“1. Be Impeccable With Your Word
Speak with integrity. Say only what you mean. Avoid using the word to speak against yourself or to gossip about others. Use the power of your word in the direction of truth and love.”
– The Four Agreements, Don Miguel Ruiz
Today was a day away from the comfortable little bubble of home. Away from my beautiful girls and back into the real world. “Keeping in touch days” are a way of keeping parents on maternity leave connected with the working environment in the UK – and today was my day to go in and be back part of my team for the first time since the arrival of the twins.
It was good to be back around these people again. They’re warm, funny and people I trust – I have missed them. Everything was as it always was – the scenery, the gossip and the little bouts of giggles. Time had passed but perceptible change hadn’t come to the office. Comfortable and reliable. My heart thudded to a stop against my ribcage though, when one of my colleagues said she had read my blog.
One of the biggest issues I have around my writing is actually sharing it with people. I worry about the quality lacking in some way and the idea of people reading it and seeing my shortcomings writ large brings sheer terror. Of course, I’m always glad to see the numbers tick up on the visitors counter and am happy to know people are reading. I’m always grateful to my dear friends who cheer me from the sidelines, but always in the recesses of my brain I think it kindness rather than merit.
Worse than the sharing is the onward step of actually talking about it. It drives me into self-protecting jesting. I chirpily mention to my workmate that maybe I’d be able to write a bestselling novel and never come back to work. I’m not really sure why I decided to joke about this. Really, that’s the dream.
But I don’t want to talk about it.
Everyone knows that wishes spoken aloud never come true. Add to that the unspoken fact that anyone who talks about writing a novel probably wont write one. I mean, who do they think they are? Who do I think I am?
I pause after making my joke as my colleague asks me if I was writing the novel.

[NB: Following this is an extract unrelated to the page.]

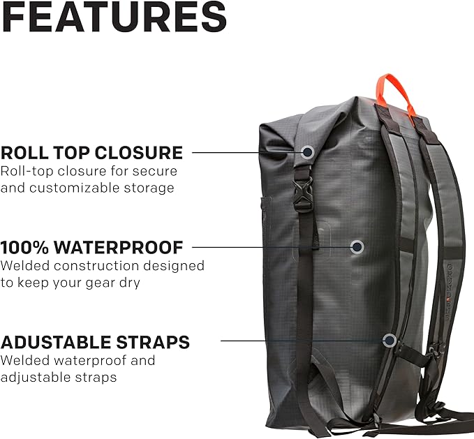 • 100% Waterproof Welded Construction: The Bootlegger Roll Top 30L backpack is built with a rugged and reliable 100% waterproof welded construction. This ensures that your gear and valuables stay completely dry, even in the most challenging fishing environments or during unexpected weather conditions.

Now I know that I am working on something I hope to shape into a novel. I hold my breath. My first instinct is to just smile and deflect the question in some way. Who do I think I am? I’m no JK Rowling and it’s not like I’m Stephen King. But neither were they, until they were. All writers start somewhere and how the hell can I expect to be read if I can’t even talk about it. How can I share stories and worlds with people if I can’t find the words to describe it?
“Well they say it’s best to write about what you know,” I start. Against my instinct I actually start to say actual out loud words about the story I’m working on. Not my most articulate account of it – but I am saying it to another person – without agonising over it first. My colleague is kind enough to listen to my non specific ramblings without any visible signs of judgement. Like I say, these are people I can trust.
This isn’t a big tale of a victory over imposter syndrome, but for me it is significant progress. Saying it out loud makes me accountable. I’m a believer in being impeccable with my word – saying what I mean. In talking about it I feel I have to deliver. By not saying anything I will never have to produce anything and I can pretend my ambition doesn’t exist. That way, if I fail no one will know. By speaking this aloud I am compelling myself to act, to not live in dreams but to live out dreams,
I don’t want to talk about it – but I’m daring myself to try.